На этом закончилась вступительная беседа. Началась официальная. Штурман раскрыл журнал, проверил авторучку и начал задавать вопросы: откуда майор родом, кто его родители, какое семейное положение, где учился до академии, на какой должности, сколько времени работал, какой имеет налет на «миге» в простых и сложных метеорологических условиях, днем и ночью. Все интересовало временного заместителя, и он добросовестно записывал. На листке так и значилось: «Моя беседа с майором Поддубным Иваном Васильевичем, помощником командира полка по огневой и тактической подготовке».

Вопросы были вполне естественные. Каждый начальник, будь он постоянный или временный, должен досконально знать подчиненного. Но для чего все записывать?

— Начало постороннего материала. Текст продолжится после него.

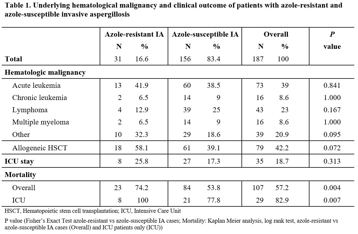 Figure 1. Intensive care unit 1-year survival probability for patients with azole-resistant and azole-susceptible invasive aspergillosis

Майор Гришин словно прочитал этот вопрос в мыслях Поддубного:

— Пусть вас, товарищ майор, не удивляет то, что я записываю нашу беседу. Мы с вами, можно сказать, равны в чинах. Оба понимаем, что к чему, оба начальники. Следовательно, будем откровенны: хорошо, если все с вами обойдется благополучно. А если нет? Ну, скажем, случиться что-нибудь в полете. Тогда у командования полка обязательно спросят: «А хорошо ли вы знали нового человека?» Допустим, мы скажем «хорошо». «А беседовали вы с ним по душам?» Допустим, что мы ответим утвердительно. Вы думаете, что так и поверят на слово? Ошибаетесь! Глубоко ошибаетесь, Иван Васильевич! В выводах запишут черным по белому: «Командование полка подчиненных не изучает и не знает, индивидуальной работы не проводит». А вот с этим документом, — штурман ткнул пальцем в журнал, — комар носу не подточит…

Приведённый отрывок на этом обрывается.